Problem to solve: Copy out the listing that follows, exactly, without its pictures.

Exercise data:
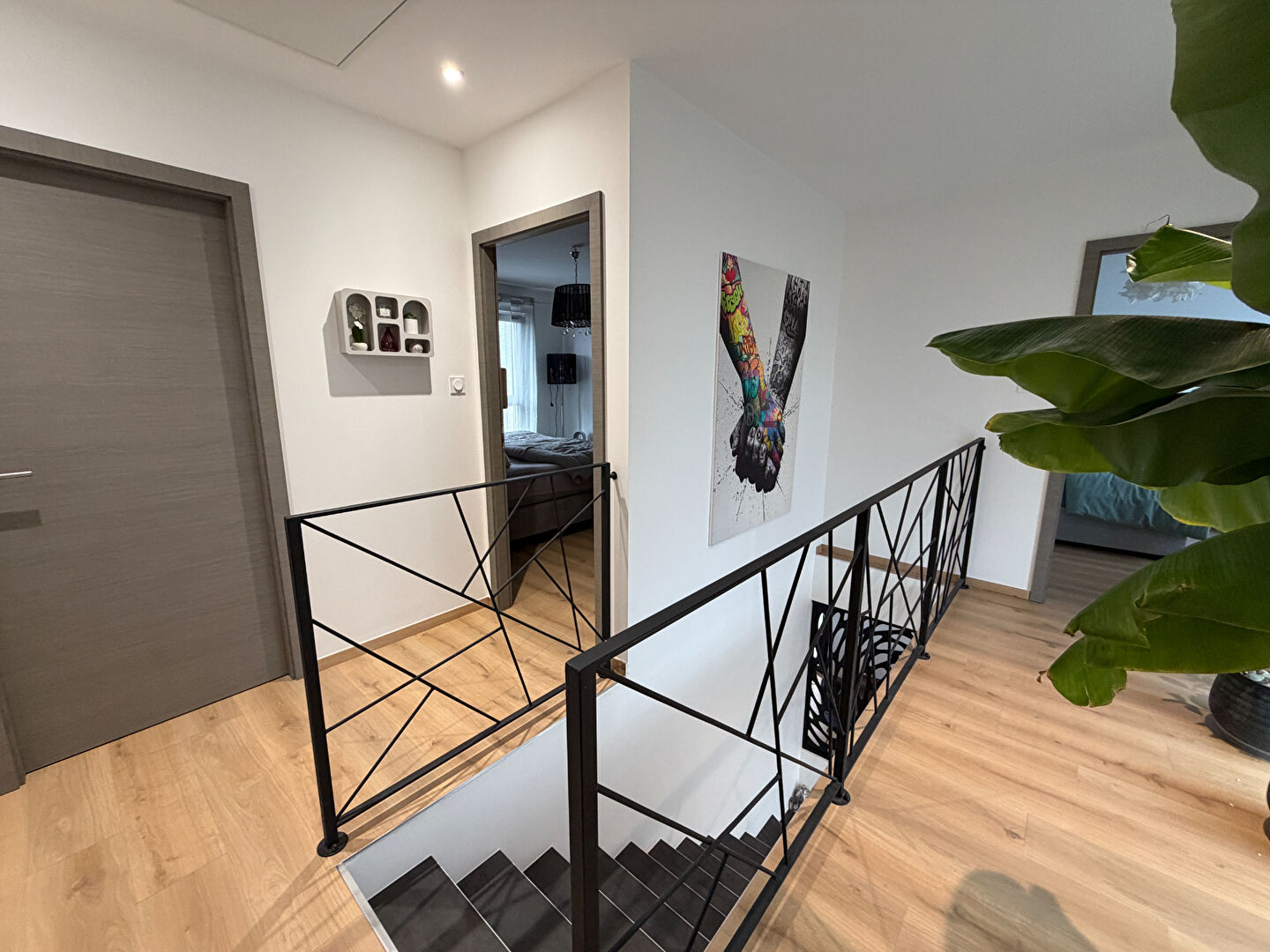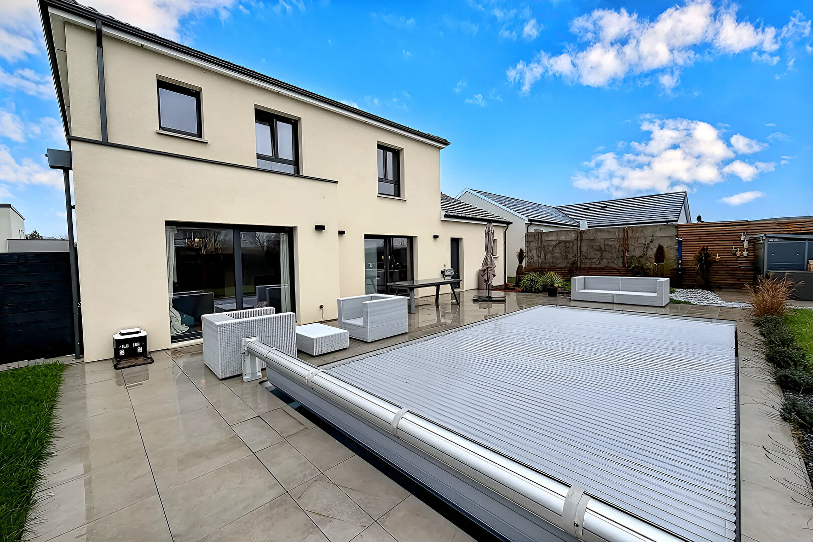 A Evendorff, au coeur d'un environnement paisible et recherché, se dévoile cette élégante maison individuelle construite en 2023. Une architecture contemporaine, des matériaux haut de gamme et des finitions entièrement abouties offrent un cadre de vie rare où confort et modernité se rencontrent harmonieusement. Dès l'entrée, le rez-de-chaussée s'ouvre sur une vaste pièce de vie de 53 m² baignée de lumière. Le parquet semi-massif apporte une touche chaleureuse tandis que la cuisine ouverte, entièrement équipée, séduit par la qualité de ses installations, son électroménager haut de gamme et son plan de travail en granite. Les larges ouvertures prolongent naturellement l'espace vers une grande terrasse carrelé qui domine une superbe piscine creusée de 7 × 4 m, chauffée et sécurisée par un volet motorisé, créant un véritable lieu de détente. Attenante à la cuisine, une buanderie pratique permet rangement et fonctionnalité et fait le lien vers un garage double entièrement carrelé, capable d'accueillir deux véhicules. Un espace bureau ainsi qu'un WC séparé complètent de façon idéale ce niveau. A l'étage, le palier dessert deux chambres confortables, une salle de bain familiale équipée d'une douche et d'un double vasque ainsi qu' un second WC indépendant. La suite parentale, d'une surface de 21 m², offre un espace privilégié avec dressing et salle de bain privative, véritable cocon intime. Classée en A au DPE, la maison bénéficie d'une pompe à chaleur air-eau alimentant un chauffage par le sol à chaque niveau. Les volets motorisés, l'isolation de qualité ainsi que les prestations globales viennent renforcer l'efficacité énergétique et le confort quotidien. A l'extérieur, le jardin entièrement clôturé et arboré accueille un abri de jardin permettant le stockage et l'organisation du local piscine. L'ensemble se situe dans un petit lotissement calme, sans vis-à-vis, à proximité immédiate des écoles. Un bien « coup de coeur », sans travaux, prêt à accueillir une nouvelle histoire ! Les informations sur les risques auxquels ce bien est exposé sont disponibles sur le site www.georisques.gouv.fr.
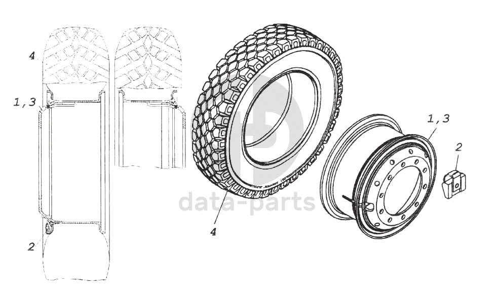 Колесо 8,5-20 с шиной левое КамАЗ-6522
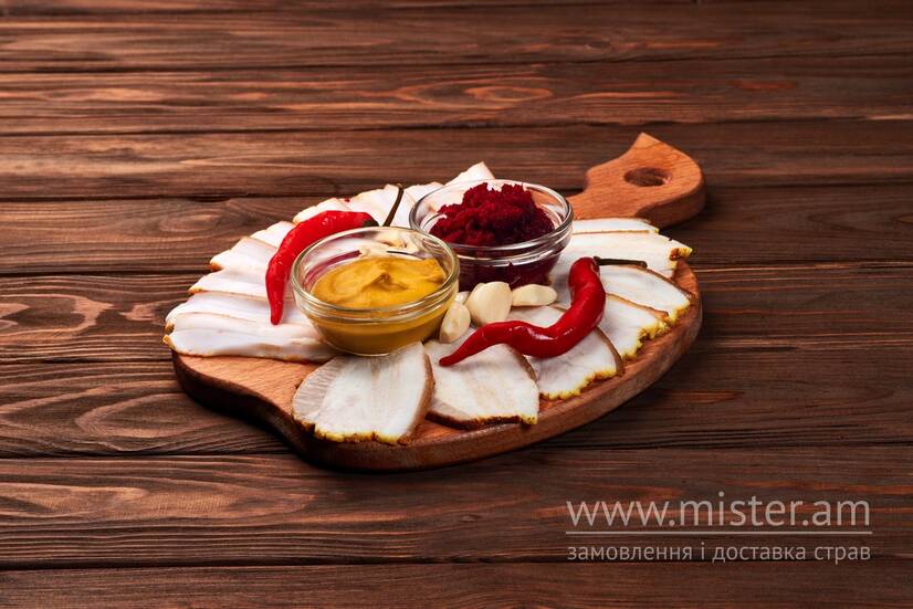 Сало варене, сало солене, хрін, гірчиця, часник, перець стручковий.
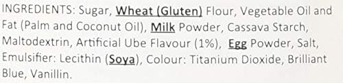 - Ingredients: Sugar, WHEAT Flour, Vegetable Oil (Palm Oil, Coconut Oil), MILK Powder (Buttermilk, Skimmed Milk, Whey), Cassava Starch, Maltodextrin, Flavouring, Whole EGG Powder, Iodised Salt, Emulsifier (Soy Lecithin), Vanillin, Colour (Titanium Dioxide, Allura Red, Brilliant Blue), Antioxidant (Tertiary Butylhydroquinone)
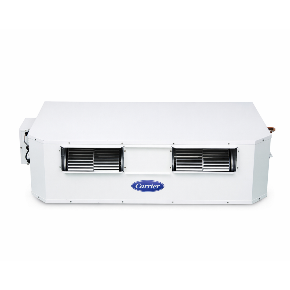 The Carrier Non-Inverter Ductable 4.0 TR Air Conditioner is a reliable and high-performance cooling solution designed for large commercial spaces such as offices, showrooms, restaurants, banquet halls, and retail outlets. Built with R410A eco-friendly refrigerant and a robust rotary compressor, this system delivers a nominal cooling capacity of 48,000 BTU/hr (14,068 watts) with powerful and uniform air distribution through a direct-driven DIDW centrifugal fan. It features efficient performance with thermostatic expansion control, internally grooved copper tubes, and dual sine-wave fin design for enhanced heat transfer and durability. The unit is engineered for Indian conditions with wide operating voltage range, silent operation, and easy servicing through removable panels and quick-lock fittings. Safety and reliability are ensured through built-in electrical protections such as surge protection, reverse phase protection, under/over-voltage protection, phase loss protection, and compressor overload protection, along with LP and HP switches to prevent system damage. The system also includes a microprocessor-based wired remote control with features like fault code display, filter clean timer, auto-restart enable/disable, and Modbus (RS485) communication support for BMS integration. With a compact outdoor unit footprint and durable powder-coated construction, the Carrier 4.0 TR ducted AC offers energy-efficient, quiet, and dependable cooling for large commercial environments requiring uniform temperature control and long-term operational reliability.

Task solution:
 A Evendorff, au coeur d'un environnement paisible et recherché, se dévoile cette élégante maison individuelle construite en 2023. Une architecture contemporaine, des matériaux haut de gamme et des finitions entièrement abouties offrent un cadre de vie rare où confort et modernité se rencontrent harmonieusement. Dès l'entrée, le rez-de-chaussée s'ouvre sur une vaste pièce de vie de 53 m² baignée de lumière. Le parquet semi-massif apporte une touche chaleureuse tandis que la cuisine ouverte, entièrement équipée, séduit par la qualité de ses installations, son électroménager haut de gamme et son plan de travail en granite. Les larges ouvertures prolongent naturellement l'espace vers une grande terrasse carrelé qui domine une superbe piscine creusée de 7 × 4 m, chauffée et sécurisée par un volet motorisé, créant un véritable lieu de détente. Attenante à la cuisine, une buanderie pratique permet rangement et fonctionnalité et fait le lien vers un garage double entièrement carrelé, capable d'accueillir deux véhicules. Un espace bureau ainsi qu'un WC séparé complètent de façon idéale ce niveau. A l'étage, le palier dessert deux chambres confortables, une salle de bain familiale équipée d'une douche et d'un double vasque ainsi qu' un second WC indépendant. La suite parentale, d'une surface de 21 m², offre un espace privilégié avec dressing et salle de bain privative, véritable cocon intime. Classée en A au DPE, la maison bénéficie d'une pompe à chaleur air-eau alimentant un chauffage par le sol à chaque niveau. Les volets motorisés, l'isolation de qualité ainsi que les prestations globales viennent renforcer l'efficacité énergétique et le confort quotidien. A l'extérieur, le jardin entièrement clôturé et arboré accueille un abri de jardin permettant le stockage et l'organisation du local piscine. L'ensemble se situe dans un petit lotissement calme, sans vis-à-vis, à proximité immédiate des écoles. Un bien « coup de coeur », sans travaux, prêt à accueillir une nouvelle histoire ! Les informations sur les risques auxquels ce bien est exposé sont disponibles sur le site www.georisques.gouv.fr.
 Колесо 8,5-20 с шиной левое КамАЗ-6522
 Сало варене, сало солене, хрін, гірчиця, часник, перець стручковий.
 - Ingredients: Sugar, WHEAT Flour, Vegetable Oil (Palm Oil, Coconut Oil), MILK Powder (Buttermilk, Skimmed Milk, Whey), Cassava Starch, Maltodextrin, Flavouring, Whole EGG Powder, Iodised Salt, Emulsifier (Soy Lecithin), Vanillin, Colour (Titanium Dioxide, Allura Red, Brilliant Blue), Antioxidant (Tertiary Butylhydroquinone)
 The Carrier Non-Inverter Ductable 4.0 TR Air Conditioner is a reliable and high-performance cooling solution designed for large commercial spaces such as offices, showrooms, restaurants, banquet halls, and retail outlets. Built with R410A eco-friendly refrigerant and a robust rotary compressor, this system delivers a nominal cooling capacity of 48,000 BTU/hr (14,068 watts) with powerful and uniform air distribution through a direct-driven DIDW centrifugal fan. It features efficient performance with thermostatic expansion control, internally grooved copper tubes, and dual sine-wave fin design for enhanced heat transfer and durability. The unit is engineered for Indian conditions with wide operating voltage range, silent operation, and easy servicing through removable panels and quick-lock fittings. Safety and reliability are ensured through built-in electrical protections such as surge protection, reverse phase protection, under/over-voltage protection, phase loss protection, and compressor overload protection, along with LP and HP switches to prevent system damage. The system also includes a microprocessor-based wired remote control with features like fault code display, filter clean timer, auto-restart enable/disable, and Modbus (RS485) communication support for BMS integration. With a compact outdoor unit footprint and durable powder-coated construction, the Carrier 4.0 TR ducted AC offers energy-efficient, quiet, and dependable cooling for large commercial environments requiring uniform temperature control and long-term operational reliability.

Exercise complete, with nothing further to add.